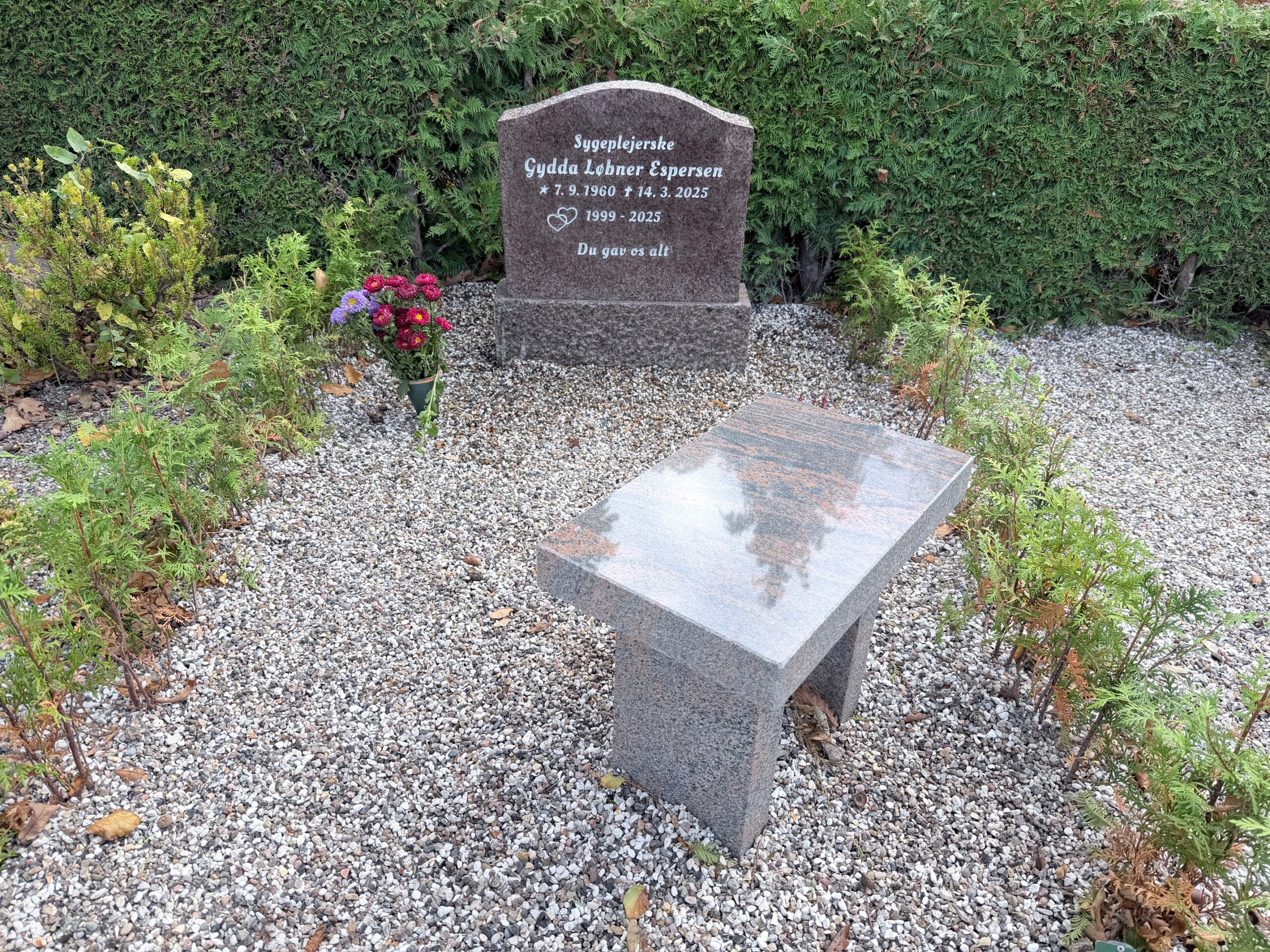 Som en ekstra og meget personlig detalje fik vi også lov til at skabe en lille bænk på gravstedet. Den er udført i Halmstad poleret granit, 50×30 cm i en ren, rektangulær form. Kanterne er brændte, og bænken står på to brændte (ru) ben, som giver den et naturligt og harmonisk udtryk i samspil med omgivelserne.
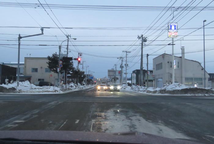 南岸通り、野付牛自動車学校前、前方はとん田通りの交差点
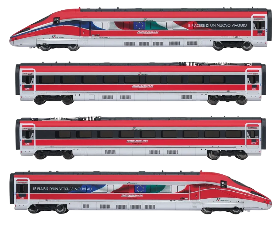 ENSEMBLE DE 4 ELEMENTS FRECCIAROSSA 1000 LE PLAISIR D'UN VOYAGE NOUVEAU FS TRENITALIA
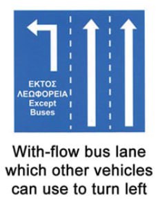 Кстати, именно в Никосии я в первый раз увидел и понял смысл вот этого знака: "обязательно налево, если ты не автобус". В моей книжке пояснений не было. А там наглядно: вот слева автобусная полоса, по ней нельзя, но если тебе надо налево повернуть — то можно, не надо пересекать путь автобусам.
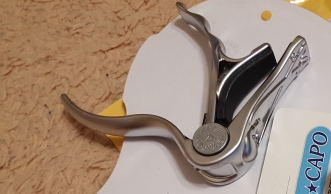 Small (only measuring 3,9in x 3,1in // 100mm x 80mm) and portable, this capo doesn’t disturb your balance. It’s also affordable, as always, and you also have the option to choose between 3 colors (Bronze, Golden and Silver).
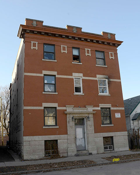 This three-storey brick and stone block on Young Street in Winnipeg, measuring 52 feet by 33 feet, was designed and built in 1913 by Jonas Johannesson at a cost of about $35,000. The building contained 14 apartments in its original configuration.
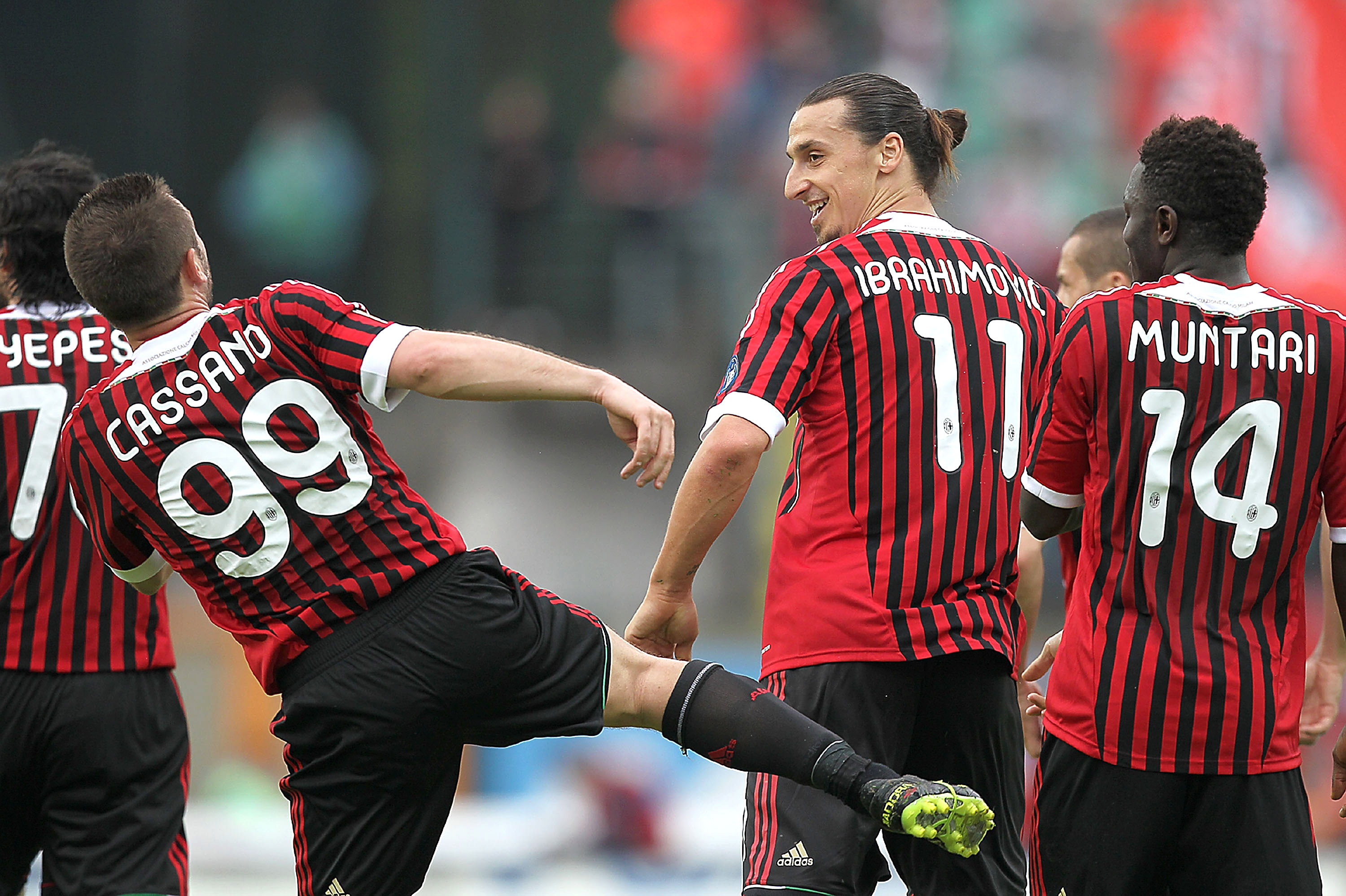 Antonio Cassano duke festuar një nga golat e Milanit kundër Sienas (Foto: Gabriele Maltinti/Getty Images/Guliver)
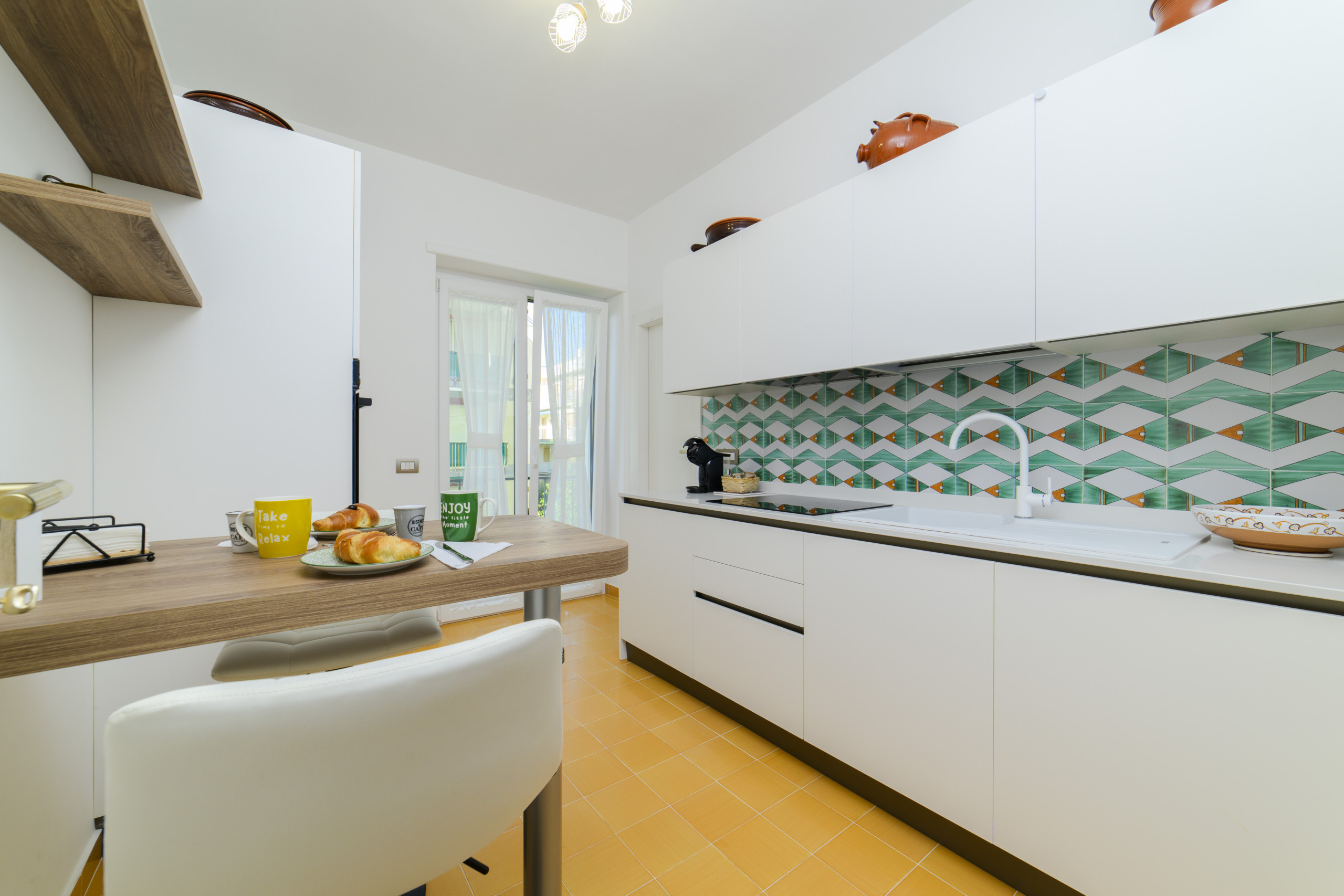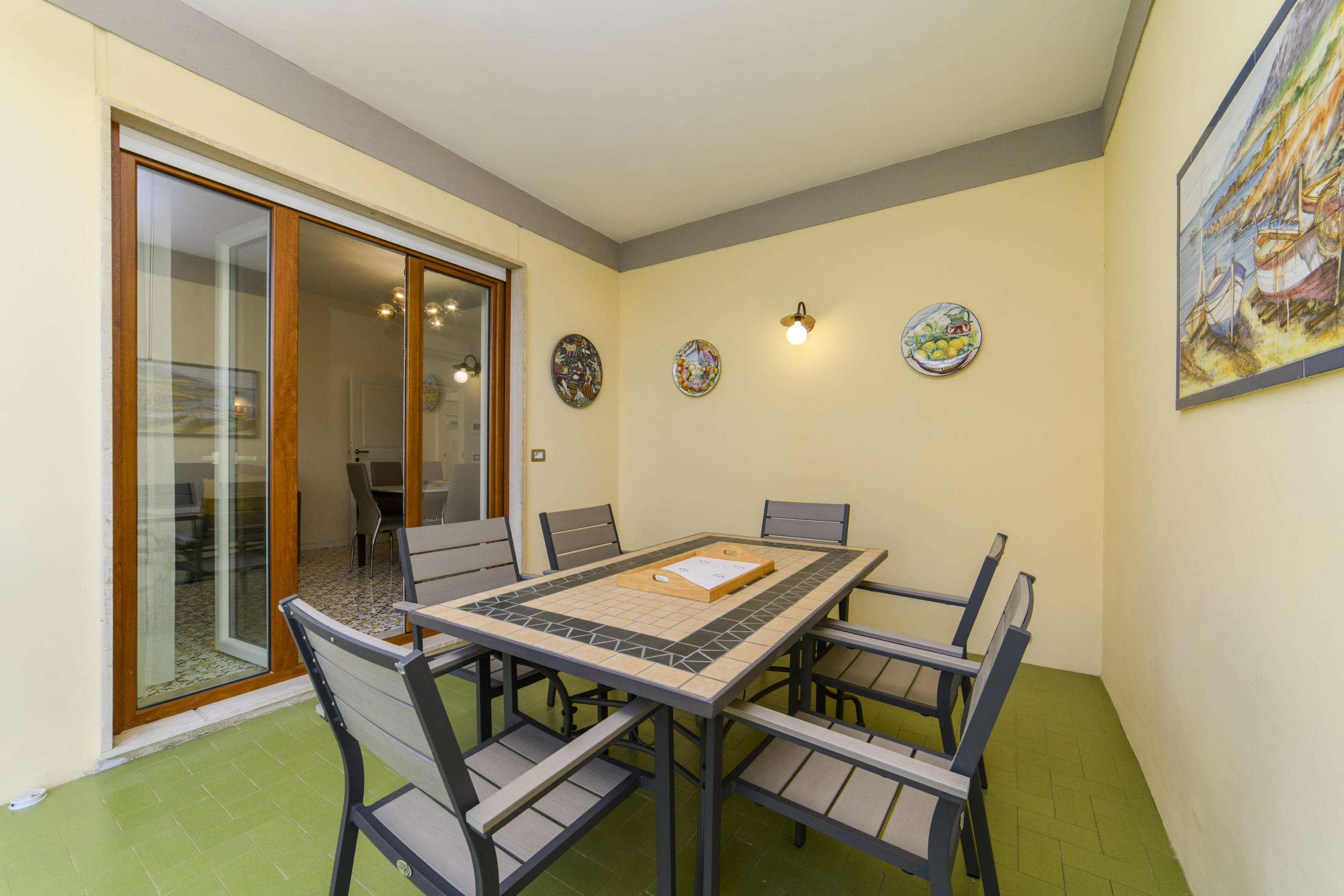 L'appartamento è composto da ingresso in soggiorno con grande open space, zona living con divano letto matrimoniale e smart tv di 50 pollici. Veranda coperta attrezzata come zona pranzo con tavolo per 6 poersone. Cucina lineare completa di piano ad induzione con 4 fuochi, forno, kettle, macchina del caffè con cialde, moka, lavastoviglie, frigo con congelatore.
++++++++
§ **Work to complete**:
Would you please retype all the data exactly? Leave out whatever pictures it holds.

§ **Result for this exercise**:
 Som en ekstra og meget personlig detalje fik vi også lov til at skabe en lille bænk på gravstedet. Den er udført i Halmstad poleret granit, 50×30 cm i en ren, rektangulær form. Kanterne er brændte, og bænken står på to brændte (ru) ben, som giver den et naturligt og harmonisk udtryk i samspil med omgivelserne.
 南岸通り、野付牛自動車学校前、前方はとん田通りの交差点
 ENSEMBLE DE 4 ELEMENTS FRECCIAROSSA 1000 LE PLAISIR D'UN VOYAGE NOUVEAU FS TRENITALIA
 Кстати, именно в Никосии я в первый раз увидел и понял смысл вот этого знака: "обязательно налево, если ты не автобус". В моей книжке пояснений не было. А там наглядно: вот слева автобусная полоса, по ней нельзя, но если тебе надо налево повернуть — то можно, не надо пересекать путь автобусам.
 Small (only measuring 3,9in x 3,1in // 100mm x 80mm) and portable, this capo doesn’t disturb your balance. It’s also affordable, as always, and you also have the option to choose between 3 colors (Bronze, Golden and Silver).
 This three-storey brick and stone block on Young Street in Winnipeg, measuring 52 feet by 33 feet, was designed and built in 1913 by Jonas Johannesson at a cost of about $35,000. The building contained 14 apartments in its original configuration.
 Antonio Cassano duke festuar një nga golat e Milanit kundër Sienas (Foto: Gabriele Maltinti/Getty Images/Guliver)
 L'appartamento è composto da ingresso in soggiorno con grande open space, zona living con divano letto matrimoniale e smart tv di 50 pollici. Veranda coperta attrezzata come zona pranzo con tavolo per 6 poersone. Cucina lineare completa di piano ad induzione con 4 fuochi, forno, kettle, macchina del caffè con cialde, moka, lavastoviglie, frigo con congelatore.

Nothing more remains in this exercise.